EL PASO — Twelve journalism instructors have been selected to participate in the fifth annual Dow Jones Multimedia Training Academy in early June at the University of Texas in El Paso.
Thanks to a grant provided by the Dow Jones News Fund, Borderzine organizes this fifth annual workshop training geared to multimedia journalism instructors who teach in institutions with a large Hispanic population.
The chosen instructors come from seven states and the Commonwealth of Puerto Rico:
- Celeste Gonzalez de Bustamante, University of Arizona
- Christopher Temple Northup, University of Houston
- Jay Seidel, Fullerton College
- Joe Hale Cutbirth, Manhathan College
- Kirstie Elizabeth Hettinga, California Lutheran University
- Laura Lynn Camden, Northern Arizona University
- Michael Vincent Marcotte, University of New Mexico
- Michele D. Mohr, Morton College
- Richard Eugene Brunson, University of Central Florida
- Susannah Nesmith, Barry University
- Tsitsi D. Wakhisi, University of Miami
- Yadira Nieves-Pizarro, Inter American University
This intense multimedia-journalism academy has a proven track record of four successful years helping journalism educators acquire a new skill set in multimedia production. “The trainers at the academy understand what educators need to learn about new and emerging technologies to better prepare their students for the fast-changing future” said Linda Shockley, Deputy Director of Dow Jones News Fund. “This quality of instruction at absolutely no cost to participants and their universities is priceless.”

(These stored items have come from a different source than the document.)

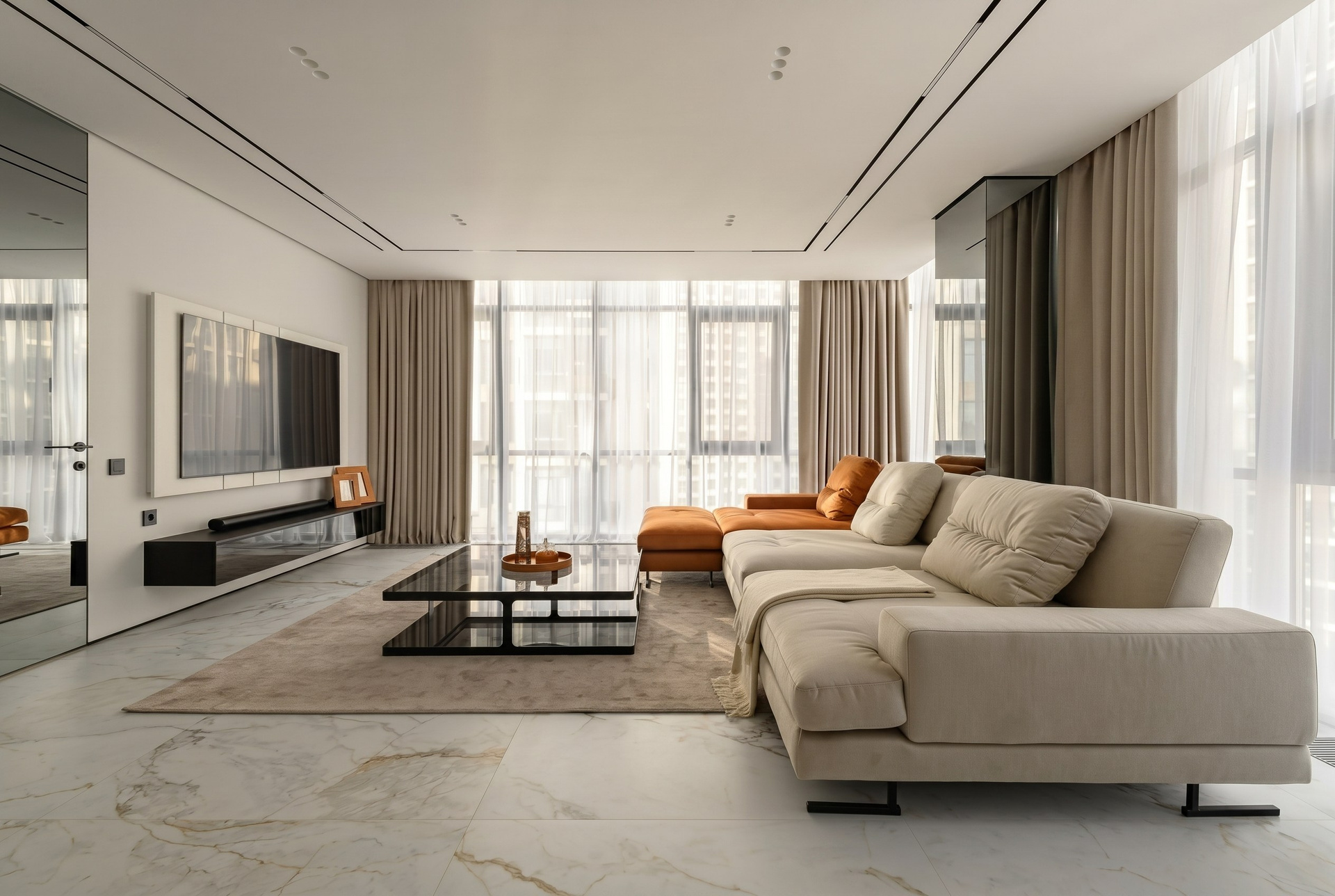 Гостиная построена на крупных, спокойных формах. Мягкий диван, большой ковёр, лаконичный журнальный стол и чисто решённая ТВ-зона создают ощущение масштаба, уюта и визуальной тишины.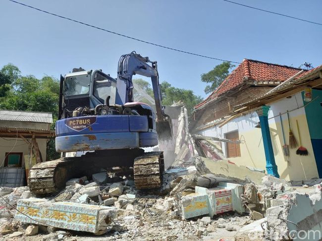 Sebuah backhoe merobohkan bangunan tersebut. Sementara dua truk mengangkut material bangunan yang dibongkar.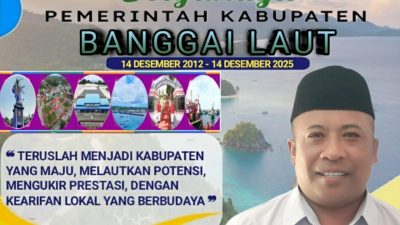 Kepala Sekolah SMPN Banggai, Kabupaten Banggai Laut, KUEMBAH D. LATTA, S.Pd. Mengucapkan: Dirgahayu Kabupaten Banggai Laut Ke 13 Tahun 2025. Menuju Kemakmuran Maritim Yang Berkelanjutan.

The goal of this experience is to learn and practice new storytelling skills through the use of current technology. Participating instructors are expected to translate this learning into skills for their students making them more competitive and employable.
The selected participants come from different teaching backgrounds, specializing in print, photojournalism, broadcast or radio, to name a few. Since technology is changing so rapidly, it is essential for college instructors to expand their knowledge and increase their skills to teach multimedia journalism effectively. Current media organizations are looking for journalists who know more than just write, take pictures or do video.
This hands-on training also gives instructors a real life experience of how involved and time-consuming a multimedia production can be, and it gives them a chance to collaborate with other peers that are struggling with the same challenges.
Co-directors, Zita Arocha and Lourdes Cueva Chacón, the Academy trainers and the Borderzine staff look forward to this summer when they will train a fifth crop of instructors who will help to better prepare the next generation of Latino college journalists.